The Origin Of The Pretribulational Rapture Theory
1. Origins
There have been many articles, essays, and books written about
        the origin of the pretrib rapture teaching. The most prevalent
        theories among scholars are:
      
1. that the doctrine began within the Irviningite sect in England in the early 1800's (see article by George Ladd, article by Art Katterjohn)
2. that it originated in the Plymouth Brethren movement from the teachings of John Nelson Darby in the early 1800's.
3. that it originated with a Mr. Tweedy, who passed it on to Darby and the Plymouth Bretren
4. that it originated with aberrant Catholic theologians (Jesuit priests) Ribera and Emmanuel Lucanza, see article by J.P. Eby)
5. that it originated with a Baptist minister named Morgan Edwards in 1788(1).
6. The doctrine started in the early church with a writer called Pseudo-Ephraim. (The author of this work is unknown (hence, 'pseudo'), its conclusions uncertain, and the date written is in question. Of all the 'theories' this is the least credible(2)).
One thing is clear from the available historical documents: Darby, called the 'father of dispensationalism', was responsible for the widespread dissemination of the new and novel pretrib doctrine beginning around 1830 through his ministry in the Plymouth Brethern movement. The doctrine soon spread to America and was widely popularized by the Scofield Reference Bible.

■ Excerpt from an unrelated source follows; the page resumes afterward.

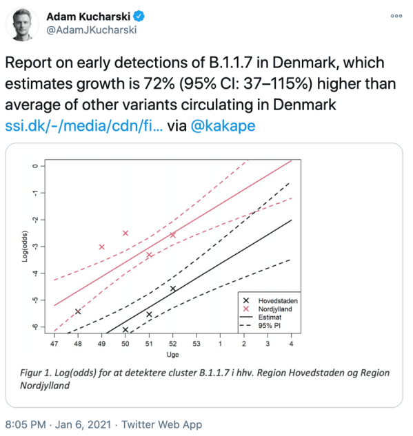 - La variante B.1.1.7 se expande rápidamente también en Dinamarca como indica el epidemiólogo-matemático @AdamJKucharski en este hilo. Que el fenómeno se observe en otros países distintos al RU sugiere que esta variante tiene una ventaja competitiva (p. ej. transmisibilidad) respecto a las demás, lo que, lógicamente es preocupante. Según Kucharski, la situación de Dinamarca es como la del RU en noviembre, por lo que si la cepa es realmente más transmisible, aumenta la necesidad de acelerar la estrategia vacunal.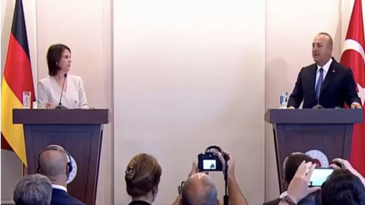 Ortak basın toplantısında konuşan Dışişleri Bakanı Mevlüt Çavuşoğlu, ‘Her şeyden önce Suriye’de biz tüm terör örgütlerine karşı mücadele verdik, şehitler verdik.’ dedi ve ‘DEAŞ’la mücadele etmek istiyorsanız sahaya inersiniz’ ifadelerini kullandı. Uluslararası hukukun önemine vurgu yapan Bakan Çavuşoğlu, ‘Sayın Baerbock şimdi Yunanistan’dan geldi. 14 senedir orada yaşayan Türk azınlığın hakları hakkında kararlar uygulanmıyor. Gelelim Norveç’e. Çocuklara ilişkin sosyal haklara ilişkin Avrupa İnsan Hakları Mahkemesi kararları uygulanmıyor. AİHM kararlarını Yunanistan’a hatırlatmazken niye sürekli Kavala konusunu gündeme getiriyorsunuz? Çünkü Kavala’yı Türkiye aleyhine kullanıyorsunuz. Bu konularda çifte standarda düşmeden, hukuk çerçevesinde biz Türkiye olarak konuşmaya hazırız. Ben Tahran’daki buluşma ile ilgili şunu beklerdim, Türkiye’nin Putin ile görüşmesinden sonra tahıl ihracının önündeki engelin kaldırıldığı vurgusunun yapılmasını beklerdim.’ dedi.

In my mind the final word on the origin of the pretrib teaching cannot be known with 100% certainty based on the documents available. I think that the best explanation is summarized by Timothy P. Weber (Memphis Theological Seminary) who wrote:
“The pretribulation rapture......historians are still trying to determine how or where Darby got it. . . . Possibly, we may have to settle for Darby’s own explanation. He claimed that the doctrine virtually jumped out of the pages of Scripture once he accepted and consistently maintained the distinction between Israel and the church”. (Timothy P. Weber, Living In The Shadow Of The Second Coming: American Premillennialism 1875-1982. Grand Rapids: Zondervan Publishing House, 1983, pp. 21-22).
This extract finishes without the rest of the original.